How does memory allocate for struct and union in C program?

Question

In structure, memory space will be created for all members inside structure. In union memory space will be created only for a member which needs largest memory space. Consider the following code:

struct s_tag
{
   int a;
   long int b;
} x;

struct s_tag
{
   int a;
   long int b;
} x;

union u_tag
{
   int a;
   long int b;
} y;

union u_tag
{
   int a;
   long int b;
} y;

Here there are two members inside struct and union: int and long int. Memory space for int is: 4 byte and Memory space for long int is: 8

So for struct 4+8=12 bytes will be created while 8 bytes will be created for union.

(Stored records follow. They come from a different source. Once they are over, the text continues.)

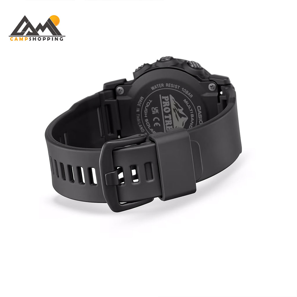 در قلب این مدل، سنسور سهگانه کاسیو (Triple Sensor) قرار دارد که سه قابلیت کلیدی را در اختیار شما میگذارد: ارتفاعسنج تا 10000 متر، فشارسنج با نمودار تغییرات 42 ساعته، قطبنما با دقت بالا و کالیبراسیون دوبل، دماسنج با بازهی 10- تا 60+ درجه سانتیگراد.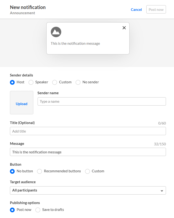 - Announcement - Use this notification to send an announcement to your attendees to notify, recommend, or engage with them.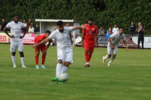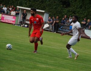 RSV Würges – SV 1921 Erbenheim 1:3 (0:2). – Zwar Würges gleich zu Beginn mit den ersten Aktionen und einem Flankenball in den Strafraum, der aber ohne Abnehmer blieb. Beim ersten Erbenheimer Vorstoß nahm das Unheil aber gleich seien Lauf: Foulelfmeter verursacht an Kouami Edem Dalmeida, Strafstoß durch Fouad El Bakkaoui sicher verwandelt zur Gästeführung (4.). Der Gast konnte sich darauf nun gut ausruhen und dem RSV eine meist nutzlose optische Überlegenheit mit mehr Ballbesitzphasen gewähren. Nico Brands schickte dann aber mit tollem langen Pass über 40 Meter Jermaine Pedraza auf die Reise, der den Abschluss aber völlig verzog (16.). Erbenheim dann in Person von Karim El Bakkaoui knapp links oben am Würgeser Kasten vorbei aus 25 Metern (20.). Wieder Jermaine Pedraza für Würges dann aktiv: starke Einzelleistung gegen gleich drei Gästespieler – Abschluss in etwas Rücklage über das Tor (28.). Der Gast mit einem Kopfall durch Bilal Oukouiss, rechts oben über das Gehäuse gesetzt (34.). Das zweite Erbenheimer Tor dann wirklich unnötig: Schlecht verteidigt auf Würges‘ linker Seite, Nikals Feidt setzte sich durch, schloss aus schon spitzem Winkel satt ab ins lange Eck und Keeper Leon Kröller noch durch die Beine, aber der Fehler passiert zuvor bereits – 0:2 (37.). Dann nochmal ähnlich wieder ein Angriff auf Erbenheims rechter Seite, Leon Kröller greade noch vor dem Abschluss von Kouami Edem Dalmeida zur Stelle (40). So ging es in die Pause.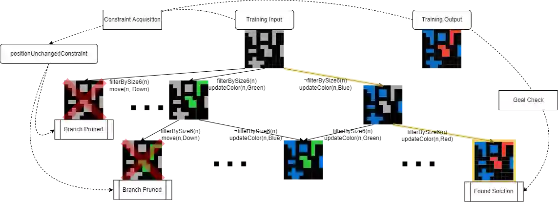翻译:《抽象与理性公司(ARC)》旨在为一般人工智能算法的性能设定基准。 ARC的焦点是广义的概括和微小的学习,这使得无法使用纯机学习来解决问题。更有希望的做法是在适当设计的域特定语言(DSL)中进行程序合成。然而,这些也取得了有限的成功。我们建议采用图表抽象抽象抽象(ARGA),这是一个以物体为中心的新框架,首先用图表代表图像,然后在基于抽象图形空间的DSL中进行正确程序搜索。这种组合式搜索的复杂性通过使用约束性获取、州仓储和Tabau搜索来调节。一系列广泛的实验表明ARGA在高效地处理ARC的一些复杂任务方面有希望,产生正确和易于理解的程序。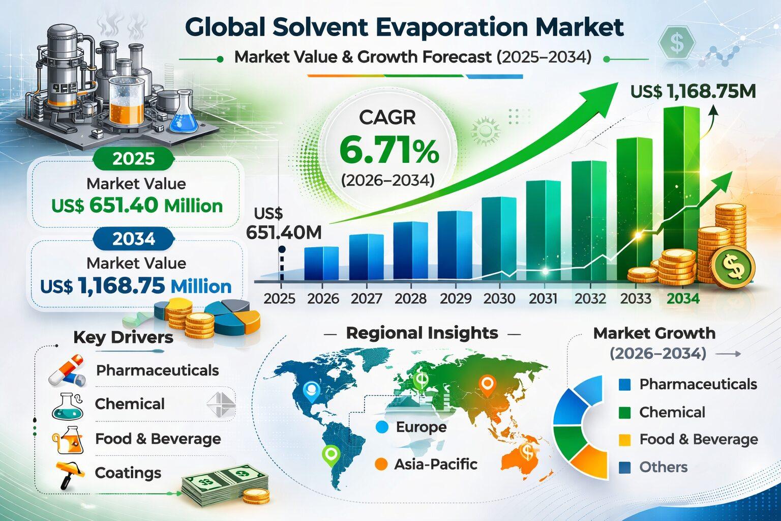 Solvent Evaporation Market Insights 2025–2034 | Global Outlook, Segment Dynamics & 6.71% CAGR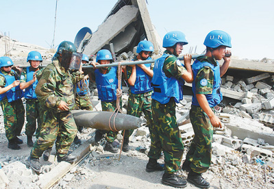 截至目前,中國赴黎巴嫩工兵分隊發(fā)現(xiàn)、排除地雷和未爆物9719枚,并完成大量營房、設(shè)備的維修任務。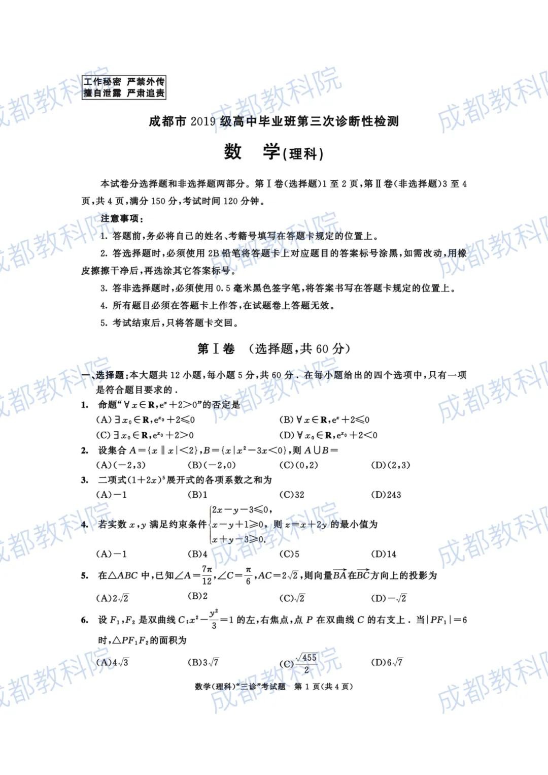 成都市2019级高中毕业班第三次诊断性检测数学(理科)
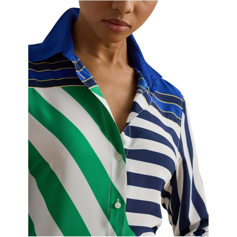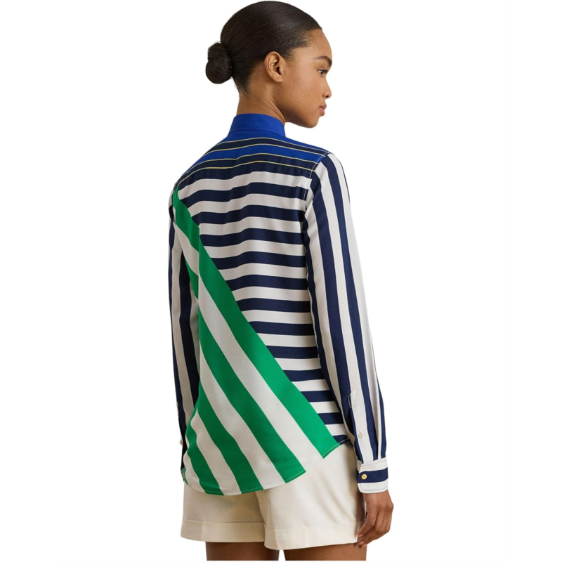 - Crafted from lightweight crepe de chine, this Lauren Ralph Lauren Classic Fit Striped Crepe Shirt is updated for the season with color-blocked variegated stripes. Its buttoned front placket with buttons custom-developed with a Lauren Ralph Lauren logo rounds out the design. Styled with an allover striped pattern, this button-down shirt has long sleeves, buttoned barrel cuffs, dropped shoulders, a point collar, a back yoke, and a shirttail hem. It also features metal buttons custom-developed with an LRL logo at the collar and cuffs.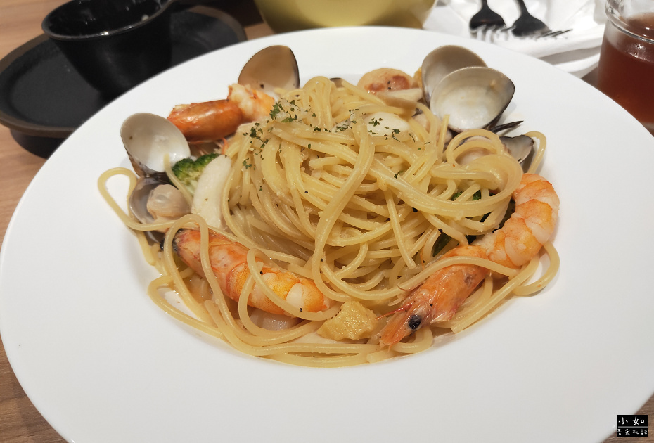 吃的到蛤蜊、蝦子、花枝海鮮,鮮味也讓義大利麵更為濃郁~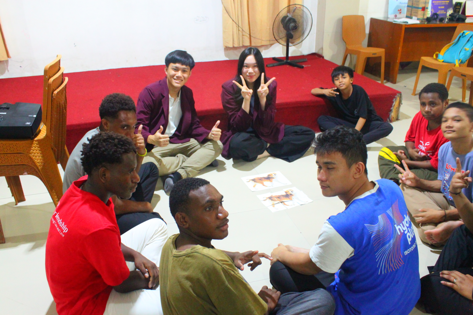 Day 2 was a lively and creative event, starting with a 5-minute “King and Queen” activity explanation session that included instructions on how to proceed with the paper crown-making activity. Participants then spent 55 minutes enthusiastically making crowns from folded and joined paper without using glue, drawing things they like, and decorating them with colored pencils, of course, with the help of their respective group organizers. The atmosphere became more colorful when participants were given colored pencils to decorate their crowns with things they liked, and the creativity of the participants was really visible from the variety of designs produced. After finishing making the crowns, the event continued with a 15-minute story-sharing session where participants would share the inspiration behind the crowns they made. The event continued with the “Freeze Dance” game, where participants danced to the beat of the music and had to immediately stop moving when the music stopped, creating tense yet entertaining moments when some of the eliminated participants had to perform the dance in front of their friends.

I run the following code to see a proof: C

#include<stdio.h>
struct s_tag
{
  int a;
  long int b;
} x;
union u_tag
{
     int a;
     long int b;
} y;
int main()
{
    printf("Memory allocation for structure = %d", sizeof(x));
    printf("\nMemory allocation for union = %d", sizeof(y));
    return 0;
}

But I can see the following output:

Memory allocation for structure = 16
Memory allocation for union = 8

Why memory allocation for struct is 16 instead of 12? Is there any wrong in my understanding?

Answer 1

Most likely the requirement for aligning memory access on X byte boundaries. Also, it's up to the compiler - it can do what it likes.

Answer 2

The compiler adds invisible padding bytes between the two struct members which make sure that the address of the long member is a multiple of sizeof(long), so that the variable is correctly aligned in memory. Depending on the CPU architecture, if a variable is not correctly aligned, accesses to it might crash the program, result in incorrect values, just be slow or work as expected.